Rokers stoppen steeds vaker met hulp van medicijnen op recept

"Gedragscoaching heeft de voorkeur, verdere ondersteuning met medicijnen als latere optie"

Het gebruik van medicijnen op recept bij het stoppen met roken is gestegen. Tussen 2012 en 2017 is het voorschrijven daarvan met ongeveer 35% toegenomen.

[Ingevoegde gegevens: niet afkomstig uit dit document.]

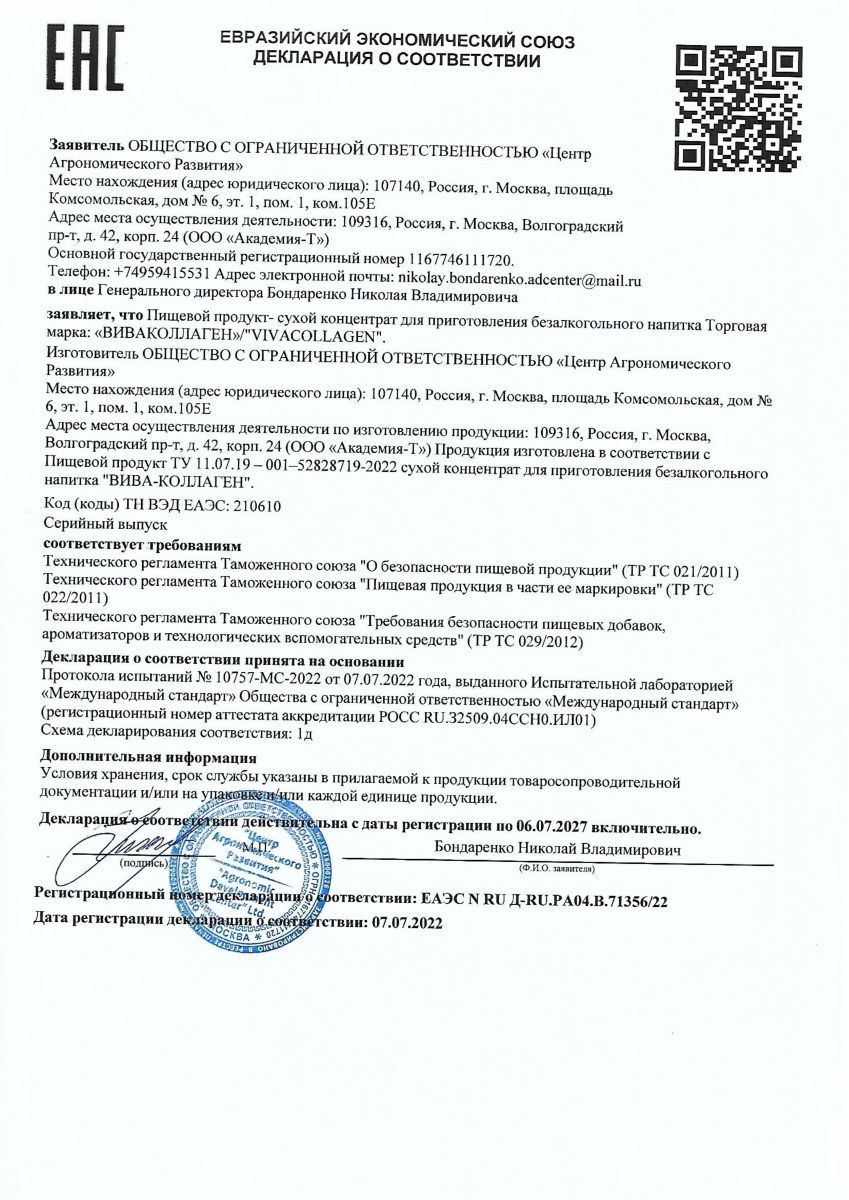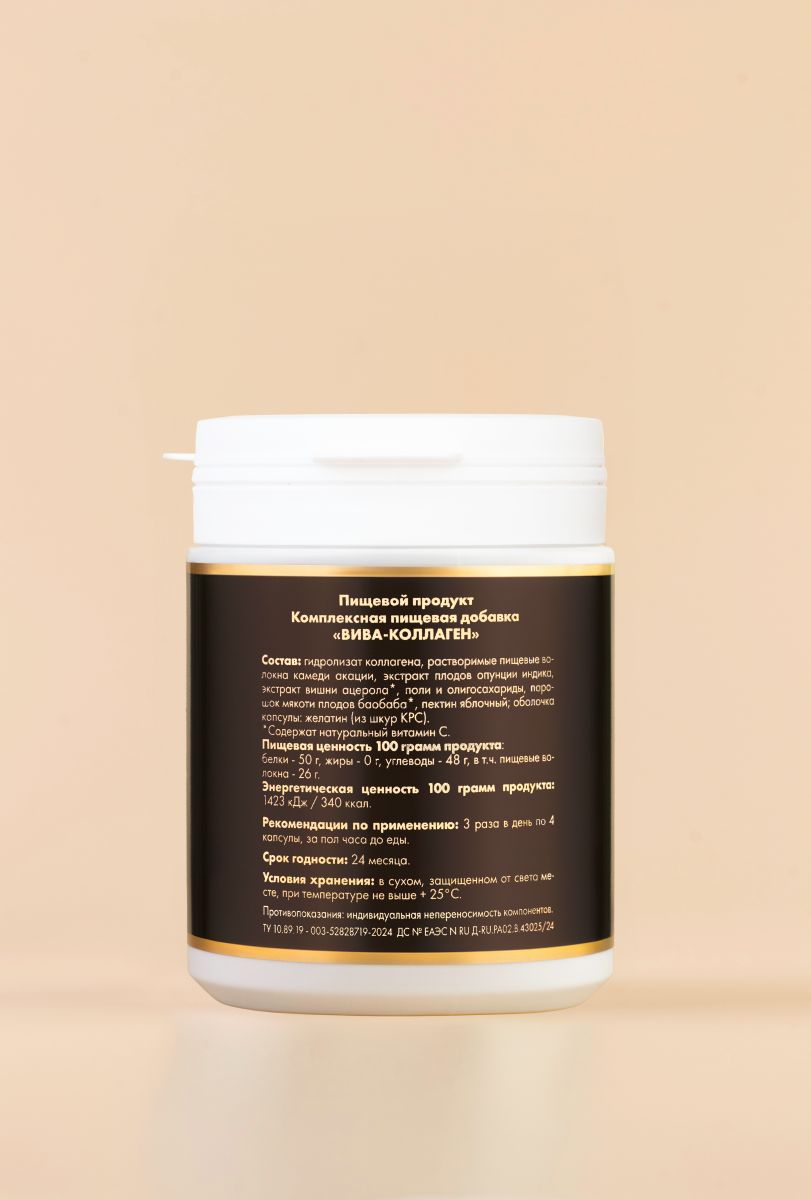 Биопрепарат «VIVA® - COLLAGEN», является природно-сбалансированным, высокоусвояемым ферментативным гидролизатом КОЛЛАГЕНА - основного белка, входящего в состав мышц, хрящей, сухожилий, связок, костей и кожи человека. Это источник свободных биологически активных низкомолекулярных полипептидов и аминокислот. Продукты расщепления физиологичны, легко проникают в клетку, являются аналогами природных продуктов желудочно-кишечного тракта. Коллаген составляет основу суставного хряща и обуславливает его прочность и эластичность.

Dit blijkt uit onderzoek van Nivel, uitgevoerd op verzoek van medicijnautoriteit CBG. In 2017 deed ruim een derde van alle rokers in Nederland een poging om te stoppen met roken.

Naast nicotinevervangende middelen (zoals nicotine kauwgum en pleisters), heeft het CBG varenicline en bupropion geregistreerd als medicijnen voor stoppen met roken. Nortriptyline is niet geregistreerd bij het CBG voor het stoppen met roken, maar is wel opgenomen in de behandelrichtlijn “Stoppen met roken” voor huisartsen.

“De afgelopen jaren zie ik steeds meer patiënten die bij mij langskomen voor hulp bij het stoppen met roken. Als huisarts adviseer ik, volgens de richtlijn, altijd als eerste gedragsmatige ondersteuning bij stoppen met roken aangevuld met eventueel nicotinevervangende middelen. Als laatste kijk ik of het nodig is om andere medicijnen voor te schrijven. Deze medicijnen kunnen echter ook bijwerkingen hebben waarvan sommige ernstig zijn,” aldus Janneke Belo, huisarts en collegelid bij het CBG.

Medicijnen om te stoppen met roken

Van alle stoppen met roken medicijnen op recept is varenicline is het meest gestegen tussen 2012 en 2017, met 45%. Uit het onderzoek komt naar voren dat patiënten die varenicline voorgeschreven krijgen iets jonger zijn dan degenen die nortriptyline en bupropion gebruiken en bijvoorbeeld minder vaak hartafwijkingen en psychische problemen hebben. De medicijnen nortriptyline en bupropion zijn niet voor alle patiënten geschikt. Na bijvoorbeeld een hartinfarct wordt het gebruik van nortriptyline afgeraden. Bij de keuze voor een middel houden huisartsen over het algemeen goed rekening met aandoeningen van de patiënt.

Het advies van huisartsen aan rokers om nicotinevervangende middelen te gebruiken is meer dan verdubbeld in de periode van 2012-2017. Deze stijging is vermoedelijk een onderschatting, omdat voor de onderzoekers onbekend was hoeveel nicotinevervangende middelen zonder recept bij de apotheek of drogist verkocht werden.

Onderzoek

Medicijnautoriteit CBG heeft Nivel verzocht dit onderzoek uit te voeren om meer inzicht te krijgen in hoe huisartsen medicijnen inzetten bij het stoppen met roken. Aan het onderzoek deden van 2012 tot en met 2017 elk jaar gemiddeld 315 huisartsenpraktijken mee, met in totaal gemiddeld 1 miljoen patiënten.